Pierella Karlusich Juan José, Pelletier Eric, Zinger Lucie, Lombard Fabien, Zingone Adriana, Colin Sébastien, Gasol Josep M, Dorrell Richard G, Henry Nicolas, Scalco Eleonora, Acinas Silvia G, Wincker Patrick, de Vargas Colomban, Bowler Chris
Institut de Biologie de l'ENS (IBENS), Département de Biologie, École normale supérieure, CNRS, INSERM, Université PSL, Paris, France.
CNRS Research Federation for the study of Global Ocean Systems Ecology and Evolution, FR2022/Tara Oceans GOSEE, Paris, France.
Mol Ecol Resour. 2023 Jan;23(1):16-40. doi: 10.1111/1755-0998.13592. Epub 2022 Feb 16.
Phytoplankton account for >45% of global primary production, and have an enormous impact on aquatic food webs and on the entire Earth System. Their members are found among prokaryotes (cyanobacteria) and multiple eukaryotic lineages containing chloroplasts. Genetic surveys of phytoplankton communities generally consist of PCR amplification of bacterial (16S), nuclear (18S) and/or chloroplastic (16S) rRNA marker genes from DNA extracted from environmental samples. However, our appreciation of phytoplankton abundance or biomass is limited by PCR-amplification biases, rRNA gene copy number variations across taxa, and the fact that rRNA genes do not provide insights into metabolic traits such as photosynthesis. Here, we targeted the photosynthetic gene psbO from metagenomes to circumvent these limitations: the method is PCR-free, and the gene is universally and exclusively present in photosynthetic prokaryotes and eukaryotes, mainly in one copy per genome. We applied and validated this new strategy with the size-fractionated marine samples collected by Tara Oceans, and showed improved correlations with flow cytometry and microscopy than when based on rRNA genes. Furthermore, we revealed unexpected features of the ecology of these ecosystems, such as the high abundance of picocyanobacterial aggregates and symbionts in the ocean, and the decrease in relative abundance of phototrophs towards the larger size classes of marine dinoflagellates. To facilitate the incorporation of psbO in molecular-based surveys, we compiled a curated database of >18,000 unique sequences. Overall, psbO appears to be a promising new gene marker for molecular-based evaluations of entire phytoplankton communities.

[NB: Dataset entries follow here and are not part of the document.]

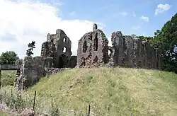 Grosmont Castle overlooks the village of the same name, and in its current form dates mostly from the work carried out by Hubert de Burgh with later 14th-century additions. It originally comprised an inner and an outer ward, but the latter has been encroached upon by local gardens.[6] The outer ward would have held a rectangular storehouse or stable.[6] The inner ward forms a stone castle with a gatehouse, two circular mural towers, a hall and a north accommodation block, the whole being protected by a ditch.[6] Originally other timber buildings would have been raised against the outer stone wall as accommodation for the castle's servants, but only limited traces of these survive.[26]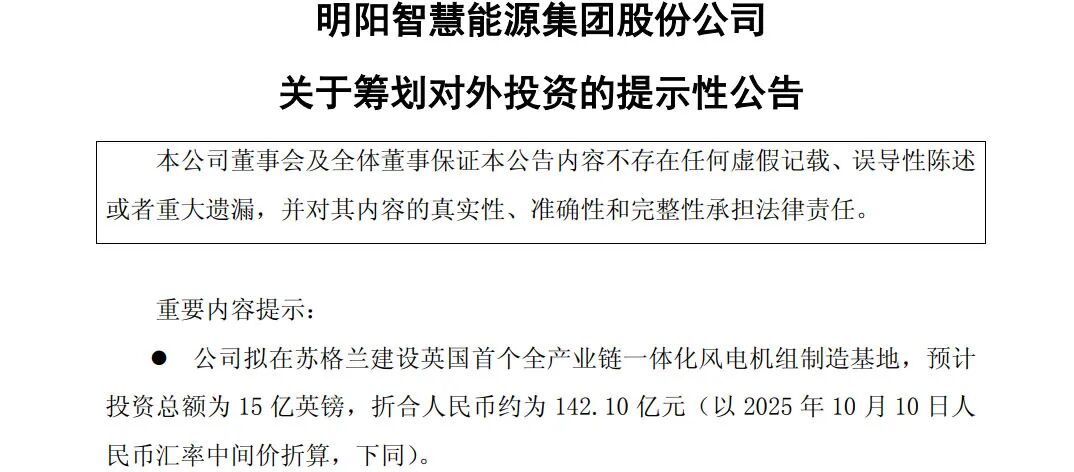 9月12日晚,张传卫掌舵的明阳智能公告称,拟建设英国首个全产业链一体化风电机组制造基地,预计投资15亿英镑,折合人民币超140亿元。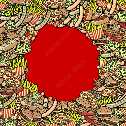 Cartoon Fast Food Hintergrund mit rundem Rahmen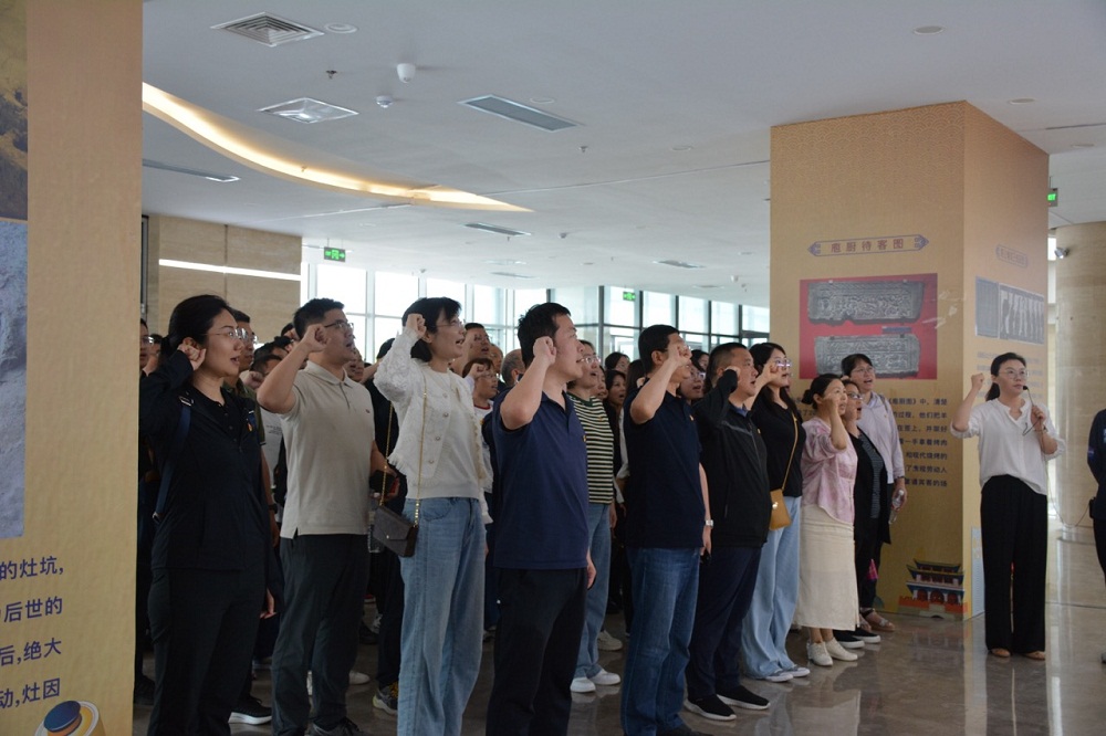 在峡山航天航空基地,全体党员重温入党誓词。随后,在解说员的引导下,集体参观了航天航空科技馆,对我国航天事业的发展和航天英雄崇高的爱国情怀及奉献精神有了更加深刻的认识和了解,更加坚定了作为一名共产党员的理想信念和精神追求。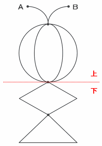 次の図で、点Aから点Bまで一筆書きする方法は、何通りありますか。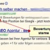 Google bietet seit einiger Zeit in bezahlten Werbeanzeigen in der direkten Google Suche die Sterne für getätigte Bewertungen der Kunden für verschiedene Platformen an. Die Sterne in den Anzeigen erscheinen bei mindestens 30 Bewertungen im Jahr und einem Bewertungsdurchschnitt von mindestens 4 Sternen.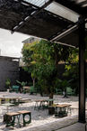 Ván ép phủ phim được sử dụng một cách sáng tạo cho hàng rào và một số yếu tố nội thất, tạo nên một bề mặt thô mộc và đầy cá tính. Vật liệu này không chỉ tiết kiệm chi phí thi công mà còn phản ánh thái độ khiêm nhường và thực tiễn của nhóm thiết kế. Gỗ tự nhiên được sử dụng cho các món đồ nội thất, tạo nên sự ấm áp và dễ chịu cho không gian cafe bên dưới.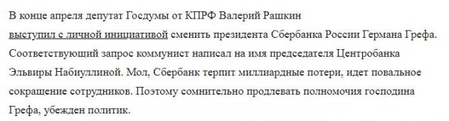Герман Греф является главой «Сбербанка» уже достаточно долгое время – с 2007 года. 24 мая 2019 года состоится заседание акционеров, на котором они решат, останется ли Герман во главе организации или же все-таки ему придется искать замену. Дело сомнительное, так как в конце апреля нынешнего года депутат Госдумы от КПРФ Валерий Рашкин выступил с личной инициативой сменить президента Сбербанка России Германа Грефа. По его мнению, организация терпит огромные убытки и стоит явно сменить руководство, на что Центробанк заявил, мол, решаться это все будет на общем собрании, если только сам Греф, по своету того же Рашкина, не подаст в отставку.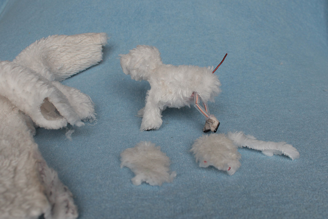 hlavy, vyvrtala jsem otvory pro drát tvořící nohy, ocas a krk. Z fima jsem si vymodelovala psí čumáky, tlapky a oči. Do hlavy jsem

浮游植物占全球初级生产的45%以上,对水生食物网和整个地球系统有着巨大影响。其成员包括原核生物(蓝细菌)以及多个含有叶绿体的真核生物谱系。浮游植物群落的基因调查通常包括从环境样本中提取的DNA对细菌(16S)、核(18S)和/或叶绿体(16S)rRNA标记基因进行PCR扩增。然而,我们对浮游植物丰度或生物量的认识受到PCR扩增偏差、不同分类群rRNA基因拷贝数变异以及rRNA基因无法提供光合作用等代谢特征信息的限制。在此,我们针对宏基因组中的光合基因psbO来规避这些限制:该方法无需PCR,且该基因普遍且仅存在于光合原核生物和真核生物中,每个基因组主要有一个拷贝。我们用塔拉海洋项目收集的大小分级海洋样本应用并验证了这一新策略,结果表明与基于rRNA基因的方法相比,该策略与流式细胞术和显微镜观察的相关性更好。此外,我们揭示了这些生态系统生态学的一些意外特征,例如海洋中微微型蓝细菌聚集体和共生体丰度很高,以及光合生物在较大尺寸的海洋甲藻中的相对丰度下降。为便于在基于分子的调查中纳入psbO,我们编制了一个包含超过18000个独特序列的精选数据库。总体而言,psbO似乎是用于基于分子的整个浮游植物群落评估的一个很有前景的新基因标记。